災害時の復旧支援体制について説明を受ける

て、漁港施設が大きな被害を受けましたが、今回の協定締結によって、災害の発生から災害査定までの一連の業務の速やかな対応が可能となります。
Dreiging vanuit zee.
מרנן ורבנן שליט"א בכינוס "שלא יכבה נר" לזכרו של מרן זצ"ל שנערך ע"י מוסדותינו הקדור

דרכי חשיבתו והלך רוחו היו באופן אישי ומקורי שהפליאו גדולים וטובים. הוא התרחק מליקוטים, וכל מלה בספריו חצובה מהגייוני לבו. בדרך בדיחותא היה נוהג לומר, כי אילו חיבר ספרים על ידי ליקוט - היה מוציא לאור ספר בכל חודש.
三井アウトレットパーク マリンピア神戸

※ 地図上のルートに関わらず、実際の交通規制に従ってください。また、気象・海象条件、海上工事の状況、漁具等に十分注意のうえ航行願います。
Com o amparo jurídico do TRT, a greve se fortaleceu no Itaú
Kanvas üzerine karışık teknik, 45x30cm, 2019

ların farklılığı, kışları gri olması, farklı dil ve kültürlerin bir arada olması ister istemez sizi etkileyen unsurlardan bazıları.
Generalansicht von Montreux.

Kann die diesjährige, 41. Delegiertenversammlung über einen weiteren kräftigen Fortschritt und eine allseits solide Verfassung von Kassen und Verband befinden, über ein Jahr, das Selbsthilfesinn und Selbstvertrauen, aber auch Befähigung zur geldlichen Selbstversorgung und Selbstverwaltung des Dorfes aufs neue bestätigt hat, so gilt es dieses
======
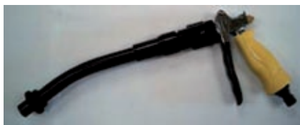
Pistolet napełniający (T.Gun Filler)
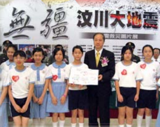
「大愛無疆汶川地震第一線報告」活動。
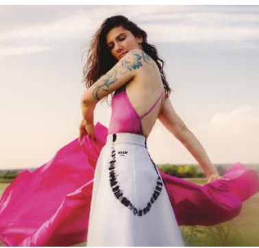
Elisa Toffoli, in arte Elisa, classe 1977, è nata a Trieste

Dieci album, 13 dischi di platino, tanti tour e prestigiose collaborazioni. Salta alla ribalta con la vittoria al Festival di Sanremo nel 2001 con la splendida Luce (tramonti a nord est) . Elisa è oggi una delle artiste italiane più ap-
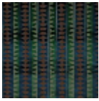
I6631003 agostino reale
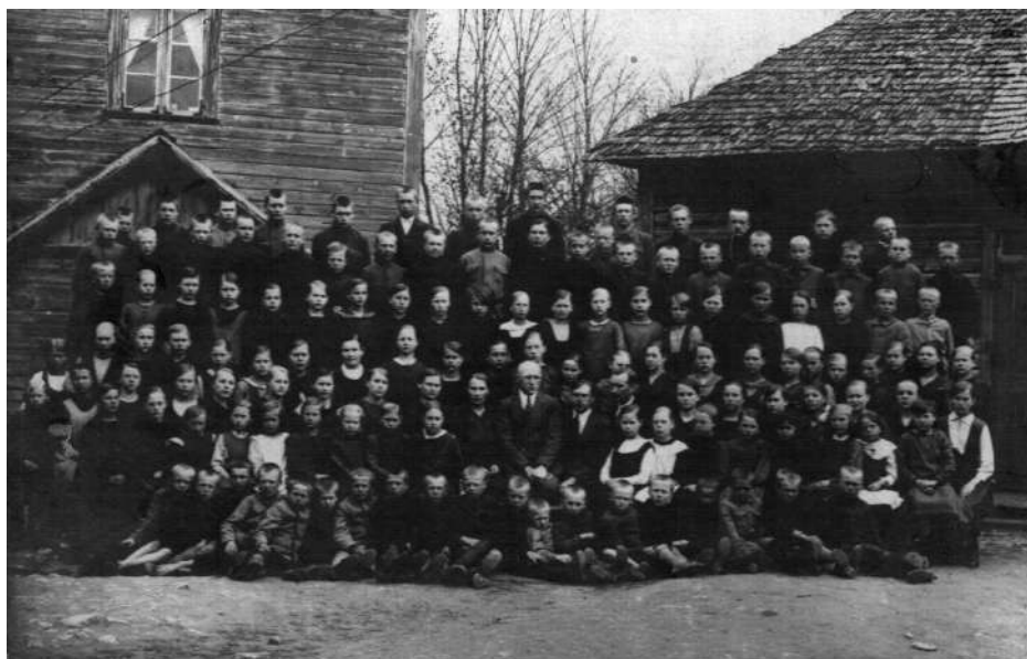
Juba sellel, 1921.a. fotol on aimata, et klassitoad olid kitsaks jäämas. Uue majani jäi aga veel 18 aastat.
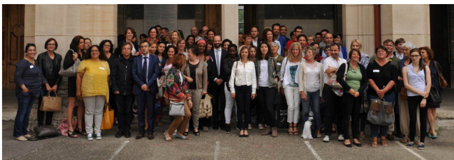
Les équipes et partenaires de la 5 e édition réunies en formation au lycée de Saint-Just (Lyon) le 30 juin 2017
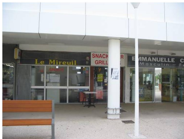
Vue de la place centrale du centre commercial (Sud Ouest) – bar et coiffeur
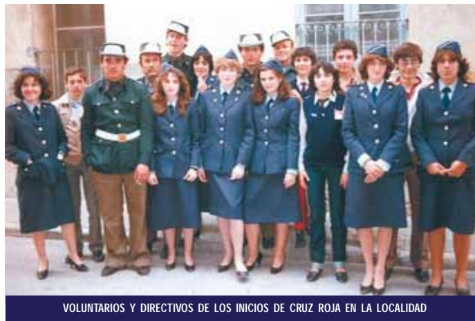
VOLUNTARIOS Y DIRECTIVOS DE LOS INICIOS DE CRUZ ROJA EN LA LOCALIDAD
======
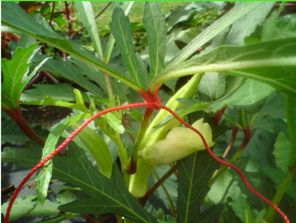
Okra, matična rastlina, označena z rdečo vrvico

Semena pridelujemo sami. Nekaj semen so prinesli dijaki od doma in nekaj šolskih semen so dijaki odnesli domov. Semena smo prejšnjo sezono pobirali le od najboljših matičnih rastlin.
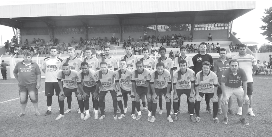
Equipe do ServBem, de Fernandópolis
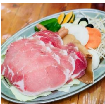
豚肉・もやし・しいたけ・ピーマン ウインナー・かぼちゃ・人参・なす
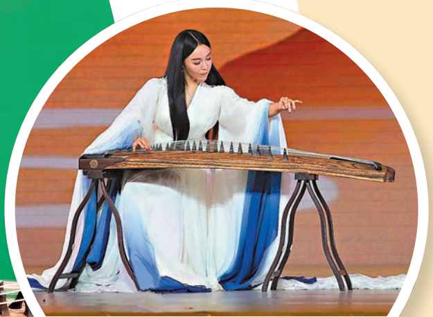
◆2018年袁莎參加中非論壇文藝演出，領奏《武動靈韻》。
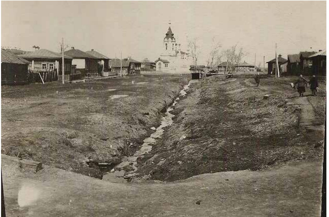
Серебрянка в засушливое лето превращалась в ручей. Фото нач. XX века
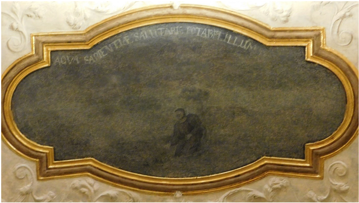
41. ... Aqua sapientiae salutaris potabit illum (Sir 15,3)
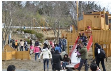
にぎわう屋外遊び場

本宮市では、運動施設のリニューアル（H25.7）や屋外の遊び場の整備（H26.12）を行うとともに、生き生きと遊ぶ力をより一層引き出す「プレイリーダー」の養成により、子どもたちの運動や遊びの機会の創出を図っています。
======
_AIM OF THE TASK:_ The answer should be only the number of lines in the data that include "Elisa".

_ANSWER BELOW:_ 2